> **EXERCISE**: Please copy every record below exactly and leave out the pictures.

> **RECORDED INFORMATION**:

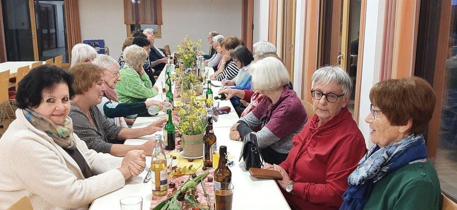 Anschließend traf man sich im Pfarrheim zum Erntedank-Hutzaabend, zu dem Rita Gleißner 30 Frauen, Herrn Pfarrer Pirner und sogar 2 Männer begrüßen konnte. Luise Köllner und Petra Irlbacher hatten die lange Tafel herbstlich geschmückt. Rita Gleißner sorgte für die musikalische Unterhaltung mit der Steirischen Harmonika. Zu Beginn trug das Vorstandsteam besinnliche Gedanken zum Erntedank und zum Thema Dankbarkeit vor. Pfarrer Pirner sprach ein Segensgebet und lud zum Tischgebet ein, bevor sich alle am herbstlichen Buffet stärken konnten. Es gab Kartoffeln mit Kräuterquark, Obazdn, Erdäpfelkas, deftige Wurst, Weißwurstsalat, Flammkuchenbrezen und Bauernbrot. Diese Speisen hatten die Mitglieder des Führungskreises zubereitet. Die Brotzeit schmeckte wunderbar und alle verbrachten einen unterhaltsamen Abend in gemütlicher Runde.
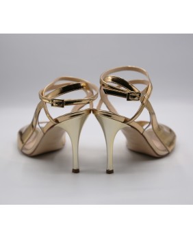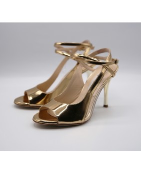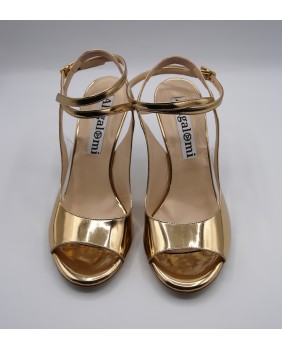 The Diva model is an original and exclusive style from the Alagalomi brand. Beautiful, elegant, and very feminine, it is available here in shinny patent gold leather and PVC on the side with an original cutout. The mirrored gold heel enhances this model.
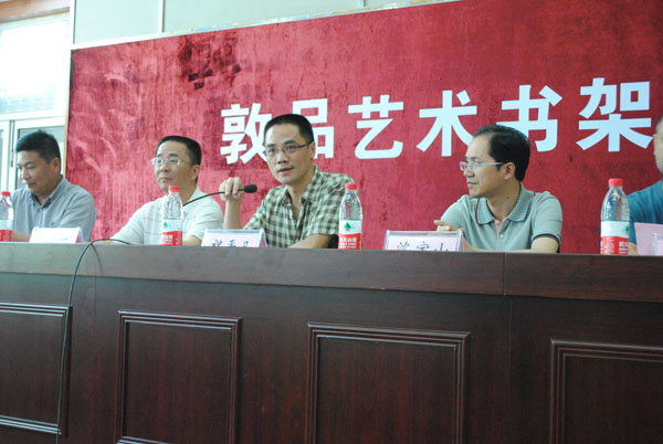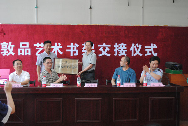 2013年5月22日,中国美术学院出版社副社长祝平凡,中国美术学院专业基础教学部图像与媒体分部主任、副教授王晓明等一行前往湖州市第一中学出席“敦品艺术书架交接仪式”。湖州市委宣传部副部长沈宝山,湖州市教育局副局长金毅伟,湖州一中钱月新校长、校党总支书记韩兵、陈立林副校长、蔡志远副校长等出席了仪式。由浙江省委宣传部与中国美术学院联合举办的“敦品艺术书架”进校园活动将在省内11个地市陆续展开,此行是本次系列活动的第一站。
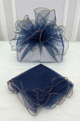 Lacivert Süsleme Tülü Gold Kenarlı, Bohça Çeyiz Gelin Damat Nişan Nikah Valiz Hediye Süsü 100x100cm
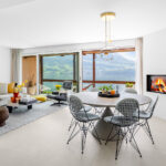 Das Haus verfügt über einen offenen Wohn-/Essbereich mit Zugang zur Terrasse, die mit Blick auf den See ein atemberaubendes Panorama bietet.

> **RESPONSE TO THIS EXERCISE**:
 Anschließend traf man sich im Pfarrheim zum Erntedank-Hutzaabend, zu dem Rita Gleißner 30 Frauen, Herrn Pfarrer Pirner und sogar 2 Männer begrüßen konnte. Luise Köllner und Petra Irlbacher hatten die lange Tafel herbstlich geschmückt. Rita Gleißner sorgte für die musikalische Unterhaltung mit der Steirischen Harmonika. Zu Beginn trug das Vorstandsteam besinnliche Gedanken zum Erntedank und zum Thema Dankbarkeit vor. Pfarrer Pirner sprach ein Segensgebet und lud zum Tischgebet ein, bevor sich alle am herbstlichen Buffet stärken konnten. Es gab Kartoffeln mit Kräuterquark, Obazdn, Erdäpfelkas, deftige Wurst, Weißwurstsalat, Flammkuchenbrezen und Bauernbrot. Diese Speisen hatten die Mitglieder des Führungskreises zubereitet. Die Brotzeit schmeckte wunderbar und alle verbrachten einen unterhaltsamen Abend in gemütlicher Runde.
 The Diva model is an original and exclusive style from the Alagalomi brand. Beautiful, elegant, and very feminine, it is available here in shinny patent gold leather and PVC on the side with an original cutout. The mirrored gold heel enhances this model.
 2013年5月22日,中国美术学院出版社副社长祝平凡,中国美术学院专业基础教学部图像与媒体分部主任、副教授王晓明等一行前往湖州市第一中学出席“敦品艺术书架交接仪式”。湖州市委宣传部副部长沈宝山,湖州市教育局副局长金毅伟,湖州一中钱月新校长、校党总支书记韩兵、陈立林副校长、蔡志远副校长等出席了仪式。由浙江省委宣传部与中国美术学院联合举办的“敦品艺术书架”进校园活动将在省内11个地市陆续展开,此行是本次系列活动的第一站。
 Lacivert Süsleme Tülü Gold Kenarlı, Bohça Çeyiz Gelin Damat Nişan Nikah Valiz Hediye Süsü 100x100cm
 Das Haus verfügt über einen offenen Wohn-/Essbereich mit Zugang zur Terrasse, die mit Blick auf den See ein atemberaubendes Panorama bietet.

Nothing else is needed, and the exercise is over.